[WHAT IS BEING ASKED] Look through the data below and extract, unchanged, the lines from the one that contains "关于龙银理财睿元理财产品(行内标识码RY23046)第三个周期相关要素公告" to the one that contains "clashing)」徹底絕跡還有25年,彩色電視普及也要等上幾年之後,兩國代表隊攜帶同顏色系衣服進球場,這下完 蛋 了 !", both included.

[EXERCISE INPUTS]
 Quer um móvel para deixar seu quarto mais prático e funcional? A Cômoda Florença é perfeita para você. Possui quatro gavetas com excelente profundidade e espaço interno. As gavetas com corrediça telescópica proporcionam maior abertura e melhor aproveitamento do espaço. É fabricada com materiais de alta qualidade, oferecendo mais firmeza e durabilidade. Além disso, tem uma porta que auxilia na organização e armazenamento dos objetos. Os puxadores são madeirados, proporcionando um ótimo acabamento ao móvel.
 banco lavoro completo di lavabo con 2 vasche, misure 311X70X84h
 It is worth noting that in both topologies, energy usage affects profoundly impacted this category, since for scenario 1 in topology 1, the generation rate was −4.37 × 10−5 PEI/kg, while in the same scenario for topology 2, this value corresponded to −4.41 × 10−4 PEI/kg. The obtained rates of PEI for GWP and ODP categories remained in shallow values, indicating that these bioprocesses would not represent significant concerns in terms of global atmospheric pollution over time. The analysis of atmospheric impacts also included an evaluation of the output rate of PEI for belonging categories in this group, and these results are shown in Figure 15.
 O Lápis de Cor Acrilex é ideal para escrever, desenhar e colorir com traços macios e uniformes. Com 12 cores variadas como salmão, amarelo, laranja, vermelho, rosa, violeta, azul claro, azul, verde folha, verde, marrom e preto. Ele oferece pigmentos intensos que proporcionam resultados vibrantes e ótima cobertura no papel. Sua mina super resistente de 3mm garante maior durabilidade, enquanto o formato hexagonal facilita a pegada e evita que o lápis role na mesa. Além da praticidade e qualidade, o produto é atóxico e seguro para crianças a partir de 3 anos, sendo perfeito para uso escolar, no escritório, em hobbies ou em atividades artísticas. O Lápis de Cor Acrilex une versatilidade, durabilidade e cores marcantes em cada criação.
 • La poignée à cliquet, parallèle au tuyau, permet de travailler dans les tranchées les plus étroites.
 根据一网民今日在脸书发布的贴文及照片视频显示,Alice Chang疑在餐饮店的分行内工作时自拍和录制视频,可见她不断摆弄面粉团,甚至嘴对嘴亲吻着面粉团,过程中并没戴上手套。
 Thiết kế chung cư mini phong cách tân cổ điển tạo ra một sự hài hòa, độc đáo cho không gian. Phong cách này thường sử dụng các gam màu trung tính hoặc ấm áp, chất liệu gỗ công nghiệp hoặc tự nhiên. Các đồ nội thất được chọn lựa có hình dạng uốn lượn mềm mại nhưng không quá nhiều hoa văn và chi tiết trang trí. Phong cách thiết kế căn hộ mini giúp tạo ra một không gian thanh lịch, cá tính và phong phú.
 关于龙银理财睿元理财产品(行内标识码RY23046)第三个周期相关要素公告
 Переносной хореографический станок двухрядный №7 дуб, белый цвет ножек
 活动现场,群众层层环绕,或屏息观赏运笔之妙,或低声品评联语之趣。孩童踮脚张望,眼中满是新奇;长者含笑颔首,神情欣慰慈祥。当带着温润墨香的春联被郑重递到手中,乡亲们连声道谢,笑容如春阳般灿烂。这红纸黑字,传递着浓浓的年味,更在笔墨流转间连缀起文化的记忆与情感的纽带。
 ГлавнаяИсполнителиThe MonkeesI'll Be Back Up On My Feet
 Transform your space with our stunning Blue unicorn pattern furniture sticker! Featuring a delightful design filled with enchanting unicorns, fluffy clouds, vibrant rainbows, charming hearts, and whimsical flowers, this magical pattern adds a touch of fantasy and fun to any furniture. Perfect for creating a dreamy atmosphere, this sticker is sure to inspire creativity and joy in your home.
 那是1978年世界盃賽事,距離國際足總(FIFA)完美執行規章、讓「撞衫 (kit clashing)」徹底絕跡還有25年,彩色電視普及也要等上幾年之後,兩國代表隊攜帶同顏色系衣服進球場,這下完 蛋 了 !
---
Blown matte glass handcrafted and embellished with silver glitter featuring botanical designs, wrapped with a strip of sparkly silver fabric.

[RESULT OF THE EXERCISE]
 关于龙银理财睿元理财产品(行内标识码RY23046)第三个周期相关要素公告
 Переносной хореографический станок двухрядный №7 дуб, белый цвет ножек
 活动现场,群众层层环绕,或屏息观赏运笔之妙,或低声品评联语之趣。孩童踮脚张望,眼中满是新奇;长者含笑颔首,神情欣慰慈祥。当带着温润墨香的春联被郑重递到手中,乡亲们连声道谢,笑容如春阳般灿烂。这红纸黑字,传递着浓浓的年味,更在笔墨流转间连缀起文化的记忆与情感的纽带。
 ГлавнаяИсполнителиThe MonkeesI'll Be Back Up On My Feet
 Transform your space with our stunning Blue unicorn pattern furniture sticker! Featuring a delightful design filled with enchanting unicorns, fluffy clouds, vibrant rainbows, charming hearts, and whimsical flowers, this magical pattern adds a touch of fantasy and fun to any furniture. Perfect for creating a dreamy atmosphere, this sticker is sure to inspire creativity and joy in your home.
 那是1978年世界盃賽事,距離國際足總(FIFA)完美執行規章、讓「撞衫 (kit clashing)」徹底絕跡還有25年,彩色電視普及也要等上幾年之後,兩國代表隊攜帶同顏色系衣服進球場,這下完 蛋 了 !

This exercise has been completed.